Let’s start by removing the broken code that we commented out earlier, back when we tried to join the common names and it didn’t work because they were in the wrong order.

Code to remove:

R

# Add common names
# common_names <- data.frame(species = unique(rodents_subset$species), common_name = c("Ord's", "Banner-tailed"))
# common_names

Actually, now that we think about it, those common names are not directly related to the problem at all! The “common_name” column might be useful later on, but for our reprex we can probably remove that part of the code without changing the outcome.

Code to remove:

R

# Try again, re-ordering the common names
common_names <- data.frame(species = sort(unique(rodents_subset$species)), common_name = c("Ord's", "Banner-Tailed"))
rodents_subset <- left_join(rodents_subset, common_names, by = "species")

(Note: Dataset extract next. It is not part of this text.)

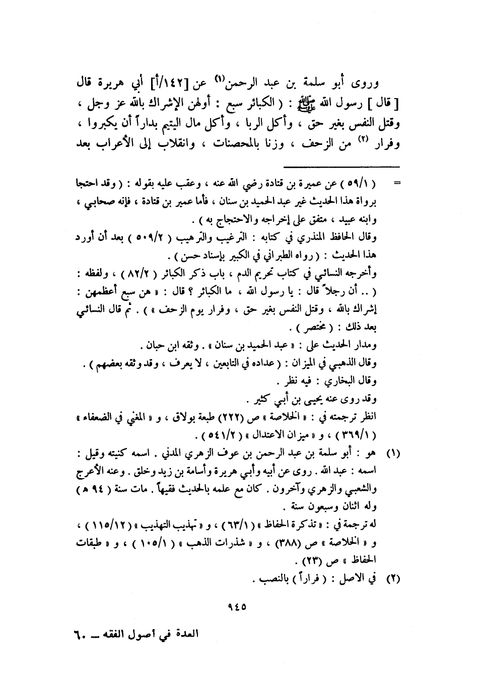وروى أبو سلمة بن عبد الرحمن (١) عن [١٤٢/أ] أبي هريرة قال [قال] رسول الله - صلى الله عليه وسلم -: (الكبائر سبع: أولهن الإشراك بالله عز وجل، وقتل النفس بغير حق، وأكل الربا، وأكل مال اليتيم بداراً أن يكبروا، وفرار (٢) من الزحف، وزنا بالمحصنات، وانقلاب إلى الأعراب بعد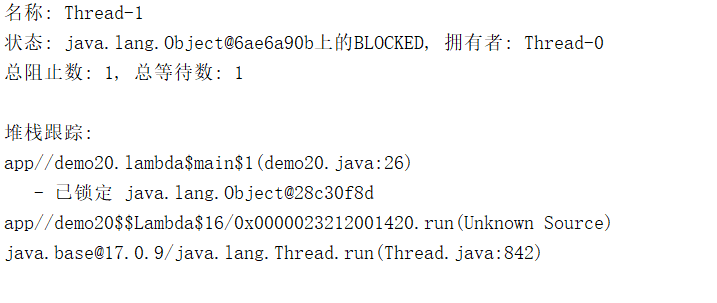 Thread-1处于BLOCKED 状态 ,原因是它在等待获取java.lang.Object@6ae6a90b这把锁,而该锁当前被Thread-0持有。 - 这符合 "线程因竞争锁而阻塞" 的场景,说明

After removing both of those pieces of code, our script is a little shorter:

R

# Minimal reproducible example script
# Loading the tidyverse package
library(tidyverse)
# Uploading the dataset that is currently saved in the project's data folder
surveys <- read_csv("data/surveys_complete_77_89.csv")

# Take a look at the data
glimpse(surveys)

# or you can use
str(surveys)

table(surveys$taxa)

# Barplot of rodent species by sex
ggplot(surveys, aes(x = species, fill = sex)) +
  geom_bar()

# Filter to focal species and known sex
rodents_subset <- surveys %>%
  filter(species == c("ordii", "spectabilis"),
         sex == c("F", "M"))

# Explore k-rat weights
weight_model <- lm(weight ~ species + sex, data = rodents_subset)
summary(weight_model)

# Weight by species and sex
rodents_subset %>%
  ggplot(aes(y = weight, x = species, fill = sex)) +
  geom_boxplot()

# Subsetted dataset
table(rodents_subset$sex, rodents_subset$species)

# Original dataset
table(surveys$sex, surveys$species)  # there are no observations of female spectabilis or male ordii in `rodents_subset`, even though there were in the original dataset.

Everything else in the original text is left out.